Data excerpts:
# # # #

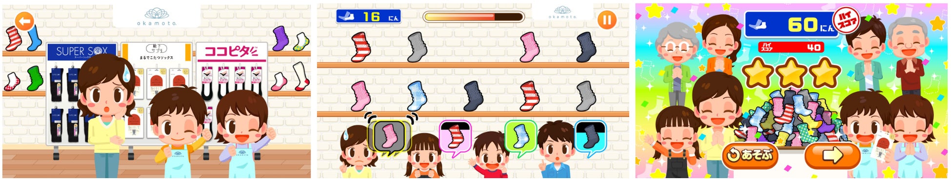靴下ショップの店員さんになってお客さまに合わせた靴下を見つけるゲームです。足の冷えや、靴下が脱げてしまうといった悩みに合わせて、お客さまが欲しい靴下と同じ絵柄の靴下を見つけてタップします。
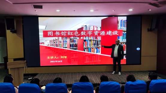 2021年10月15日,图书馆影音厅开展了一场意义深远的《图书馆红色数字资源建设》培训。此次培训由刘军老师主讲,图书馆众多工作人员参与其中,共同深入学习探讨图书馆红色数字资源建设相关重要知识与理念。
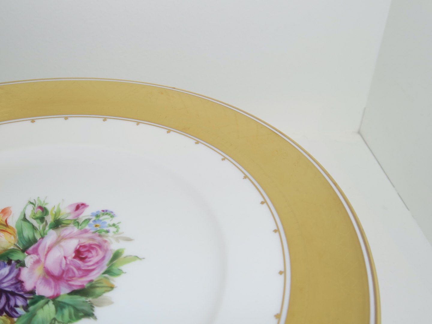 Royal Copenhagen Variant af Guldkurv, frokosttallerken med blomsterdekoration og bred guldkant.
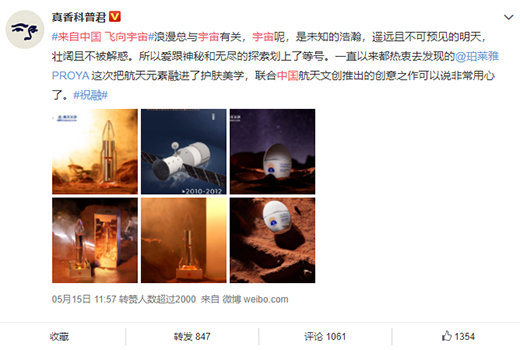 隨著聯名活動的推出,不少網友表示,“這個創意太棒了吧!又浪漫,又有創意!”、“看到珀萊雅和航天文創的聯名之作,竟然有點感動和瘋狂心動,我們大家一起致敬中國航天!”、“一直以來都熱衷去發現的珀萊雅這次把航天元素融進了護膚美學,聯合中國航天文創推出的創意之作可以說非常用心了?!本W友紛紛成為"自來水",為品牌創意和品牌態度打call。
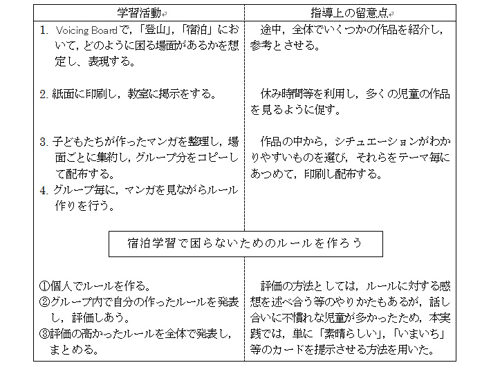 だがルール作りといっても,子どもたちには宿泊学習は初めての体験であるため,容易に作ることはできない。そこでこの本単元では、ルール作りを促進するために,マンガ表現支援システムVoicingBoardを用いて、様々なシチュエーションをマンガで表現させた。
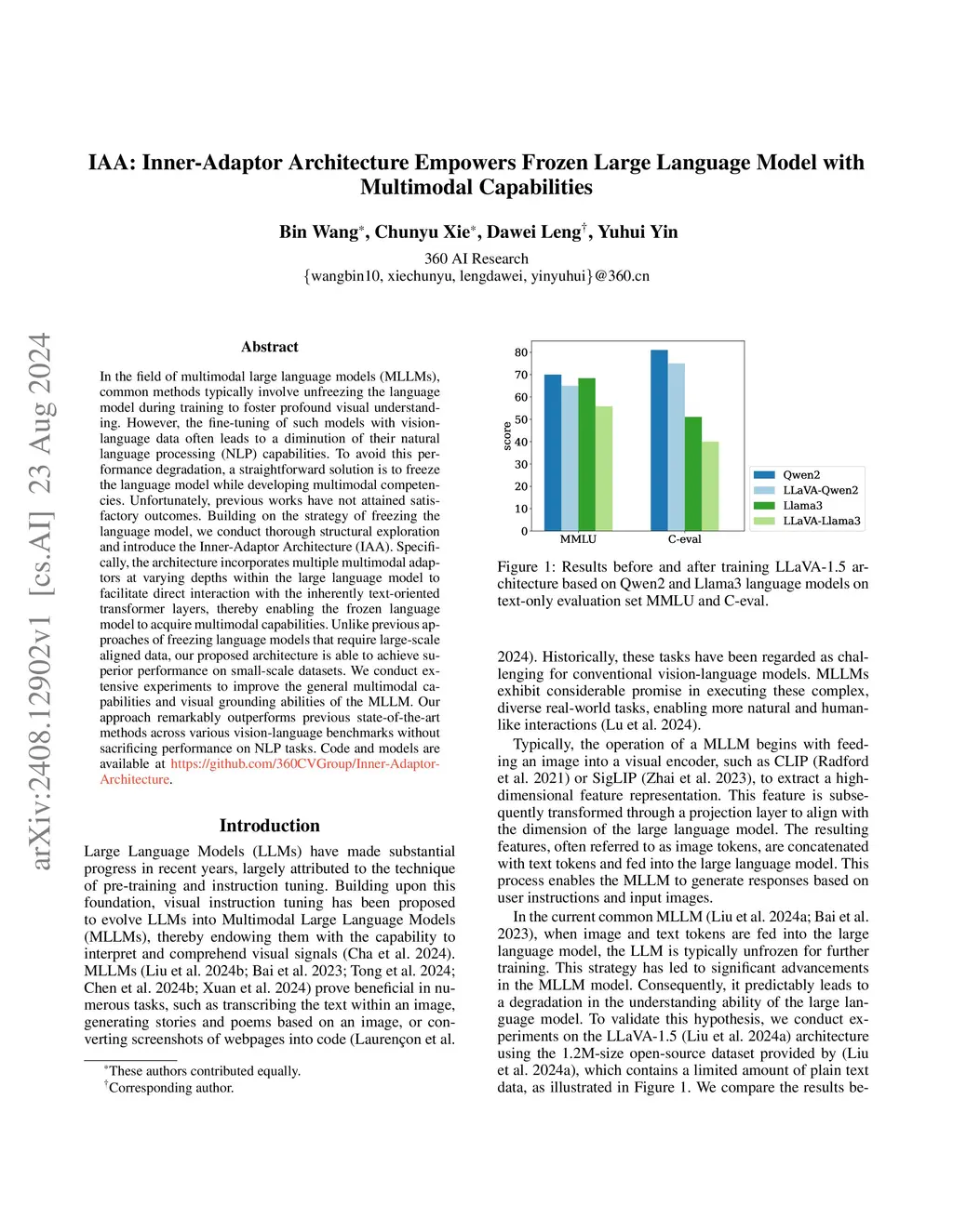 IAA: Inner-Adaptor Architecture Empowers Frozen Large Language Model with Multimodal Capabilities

# # # #

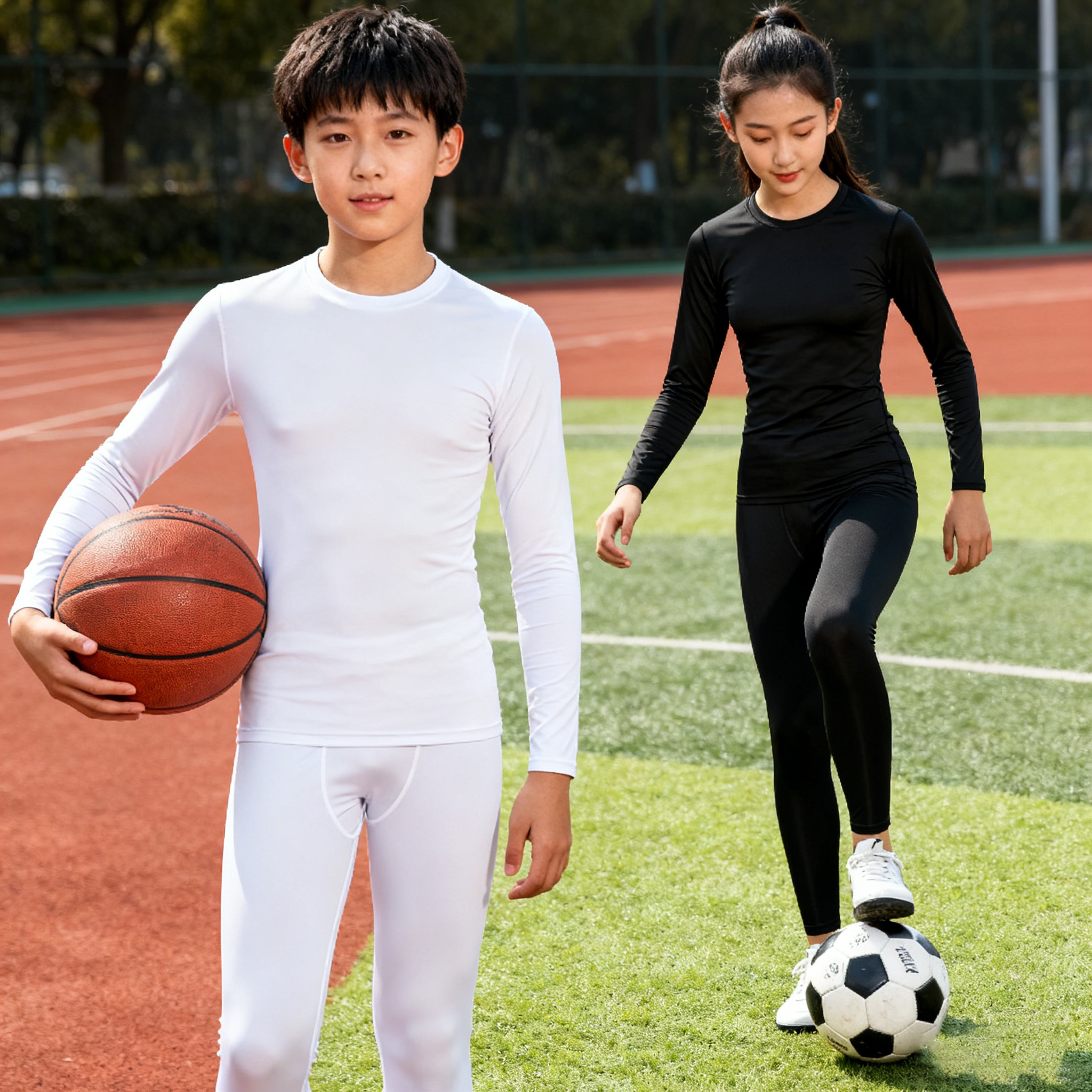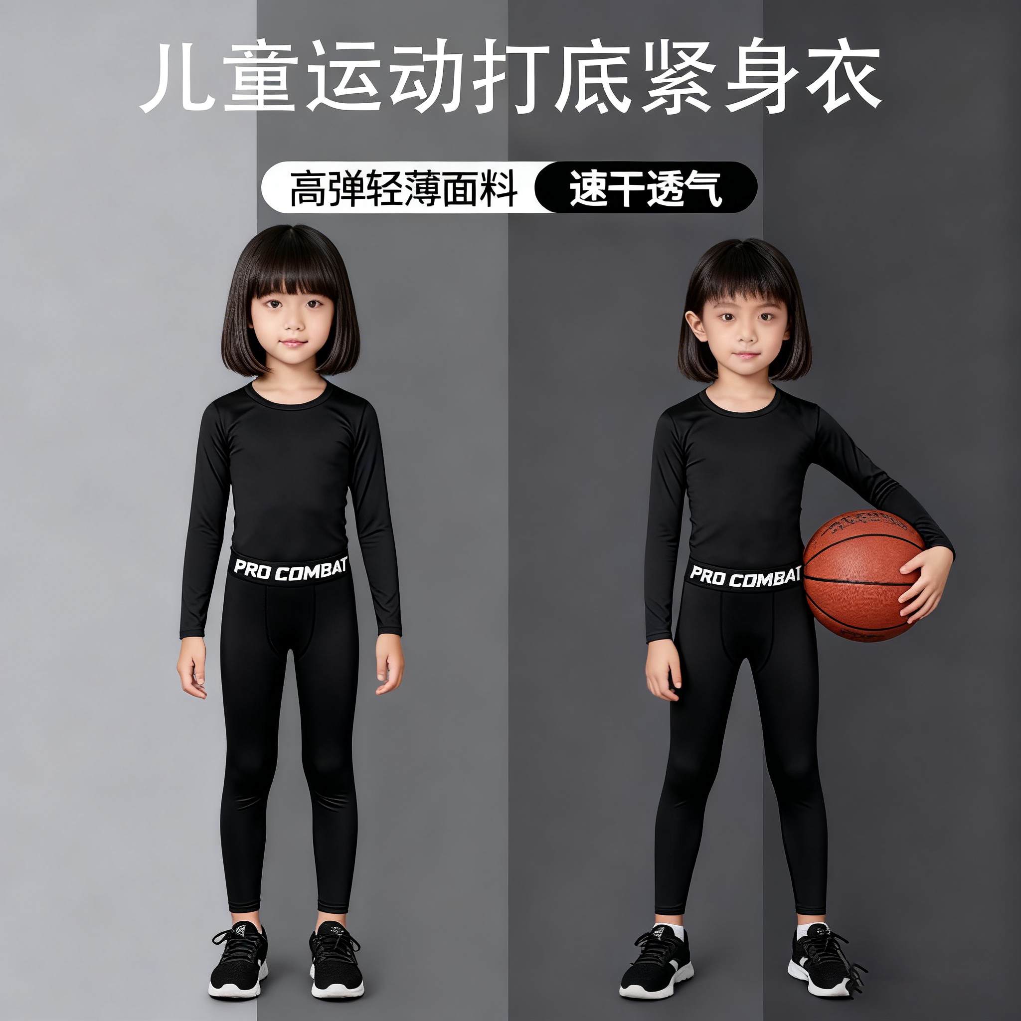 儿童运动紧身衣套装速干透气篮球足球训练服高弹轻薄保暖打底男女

# # # #

Go back to the lines above and output, exactly as they stand, the ones from the line containing "靴下ショップの店員さんになっ" to the line containing "2021年10月15日,图书". Leave all pictures behind.

靴下ショップの店員さんになってお客さまに合わせた靴下を見つけるゲームです。足の冷えや、靴下が脱げてしまうといった悩みに合わせて、お客さまが欲しい靴下と同じ絵柄の靴下を見つけてタップします。
 2021年10月15日,图书馆影音厅开展了一场意义深远的《图书馆红色数字资源建设》培训。此次培训由刘军老师主讲,图书馆众多工作人员参与其中,共同深入学习探讨图书馆红色数字资源建设相关重要知识与理念。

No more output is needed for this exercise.